Moreover, adjusted EBIT for the quarter advanced 11% to $282 million, thanks to reduced marketing and selling costs, and improved gross margin. This was somewhat marred by soft sales.
Campbell reports its results under three segments, namely, Americas Simple Meals and Beverages, Global Biscuits and Snacks, and Campbell Fresh.
Americas Simple Meals and Beverages: In fourth-quarter fiscal 2017, sales at the division dipped 3% year over year to $815 million, on account of softness in V8 beverages and soup sales. During the quarter, sales for U.S. soup dropped 4%, on account of a drop in broth, ready-to-serve soups and condensed soups.
Global Biscuits and Snacks: Sales at this division remained flat at $624 million, as Pepperidge Farm snacks strength across Australia was countered by weakness in Indonesia.
Campbell Fresh: Sales at this segment climbed 1% to $225 million on the back of greater Garden Fresh Gourmet sales, along with strength across carrots and carrot ingredients. This was partially offset by soft sales of Bolthouse Farms refrigerated beverages, which continued being hurt by supply constraints.
Campbell ended the quarter with cash and cash equivalents of $319 million, long-term debt of $2,499 million and total shareholders’ equity of $1,645 million. Further, the company generated $1,291 million as cash flow from operations during fiscal 2017.
Fiscal 2018 Outlook
Management remains impressed with some key achievements of fiscal 2017. These include raising the company’s multi-year cost-savings goal to $450 million by 2020. The company also anticipates significant gains from its pending buyout of Pacific Foods. Finally, Campbell remains focused on getting its C-Fresh division back to growth path, by solving the problems related to capacity constraints. With solid focus on cost savings and its core strategic imperatives, Campbell remains well-placed for long-term growth.
However, given a tough operating environment, management expects sales growth for fiscal 2018 to range from negative 2% to flat. Adjusted EBIT growth is anticipated in a range of negative 1% to 1% increase. Adjusted earnings per share growth is envisioned in the range of flat to 2% rise, to $3.04-$3.11.

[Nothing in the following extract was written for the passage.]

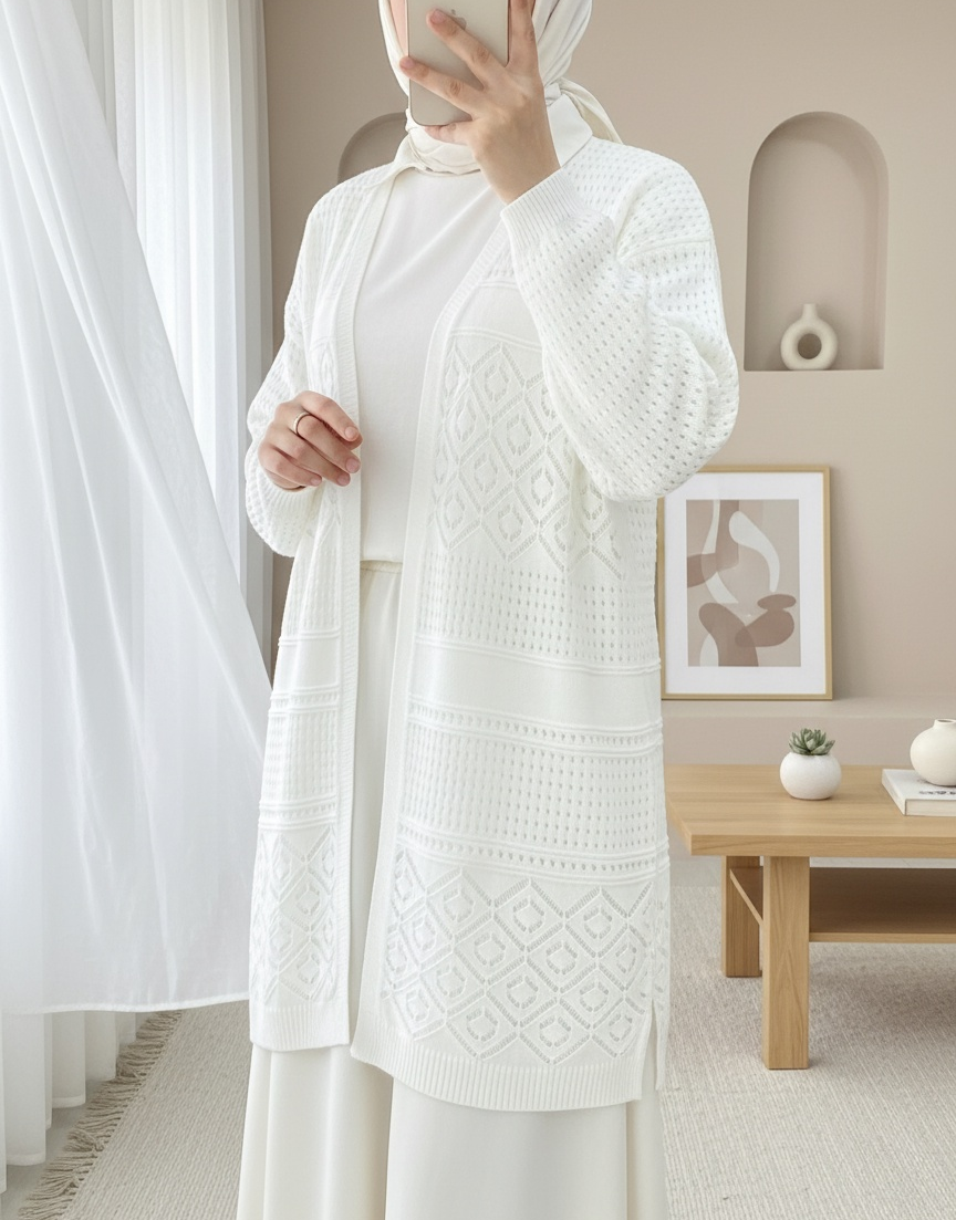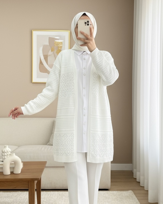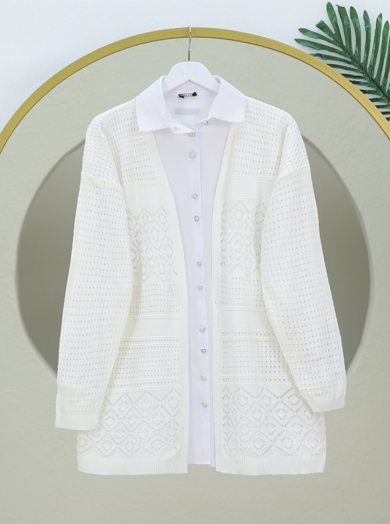 Ajurlu Mevsimlik Triko Hırka -Ekru-Ekru

Currency headwinds are expected to have a nominal impact on the company’s fiscal 2018 performance.
How Have Estimates Been Moving Since Then?
Following the release, investors have witnessed a downward trend in fresh estimates. There has been one revision lower for the current quarter. In the past month, the consensus estimate has shifted downward by 7% due to these changes.
At this time, Campbell Soup's stock has a nice Growth Score of B, though it is lagging a lot on the momentum front with an F. However, the stock was allocated a grade of C on the value side, putting it in the middle 20% for this investment strategy.
Overall, the stock has an aggregate VGM Score of B. If you aren't focused on one strategy, this score is the one you should be interested in.
Zacks' style scores indicate that the company's stock is more suitable growth investors than value investors.
Estimates have been broadly trending downward for the stock. The magnitude of this revision also indicates a downward shift. It's no surprise that the stock has a Zacks Rank #5 (Strong Sell). We are expecting a below average return from the stock in the next few months.